Installation view, Mark Handforth, Kunsthaus Zurich, 2005.

The Hong Kong–born, Miami-based sculptor Mark Handforth has on occasion referred to his exhibitions as “landscapes.” The description is apt, given that he often grafts a specifically urban vernacular onto a unique brand of formalism, not only to summon such art-historical precedents as Mark di Suvero’s and Anthony Caro’s metallic structures but also to make clear turns on the project of Minimalism—on Donald Judd and Dan Flavin in particular. Whereas Judd’s forms often invite circumambulation, allowing viewers to discover what had been hidden bays, for example, Handforth will twist the frame of a large highway sign (such as Untitled Silver Sign, 2005, in this show) so its face flattens against the floor like a wilted flower, one corner mischievously folded back, as though hinting that some crucial directive to the viewer may be concealed underneath. And whereas Flavin typically held the question of illusion at a distance from his light sculptures, at the Kunsthaus Zürich, Handforth went so far as to create a determinedly urban ambience with an irregular wall installation of pink-, blue-, and peach-colored fluorescent lights titled Harvest Moon, 2005. (On other occasions the artist has even pushed figuration with such lights, arranging them into starlike wall installations.) A moody, diffuse glow pervaded the low-ceilinged gallery, instantly evoking the artificial light that bathes cities at night.
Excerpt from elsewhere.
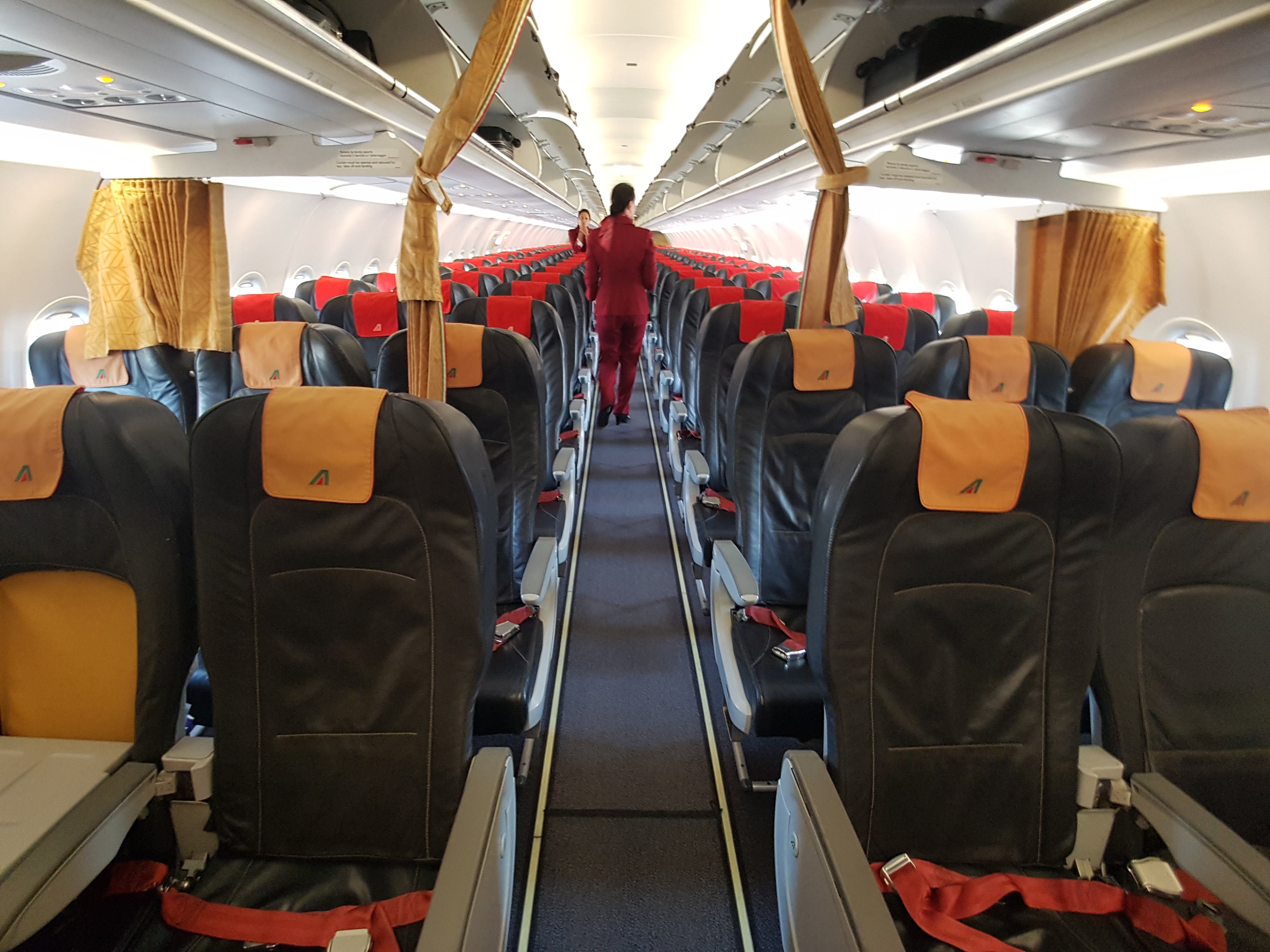 Tym razem nasz lot miał odbyć się na pokładzie Airbusa A320-200 Alitalii, który powoli dobiega swoich dziesiątych urodzin. Klasa biznes na dzisiejszym locie to zaledwie dwa pierwsze rzędy, jak wcześniej oddzielone zasłonką od pozostałej części kabiny. Siedzenia to tradycyjnie fotele identyczne z tymi w klasie ekonomicznej, z zablokowanym środkowym fotelem, w którym wypuszczono dodatkowy stolik. Tym razem z przodu samolotu podróżować będzie czwórka pasażerów.

Handforth’s exhibitions to date have typically featured a number of interrelated sculptures displayed in close proximity, and this richly evocative show of four works was no different, the various pieces complementing one another and together reinforcing the sense of a metropolitan environment. Of all these sculptures, Hydrant, 2003, is closest to being an object as one would find it in everyday life, sitting low on the ground and lit by a single, bright beam of light. Yet the piece seems nearly as organic as industrial, covered with layers of red and yellow enamel “drips” like some decomposing mushroom with secretions bubbling down its surface. Those familiar with Handforth’s previous work, however, will recall the accumulated candle wax appearing in his other city-evoking sculptures, such as the Vespa he has installed elsewhere with candles actually burning on top—and so the hydrant seems a deeply romantic sign completely in the spirit of those noirish overtones generated by the fluorescent lights of Harvest Moon.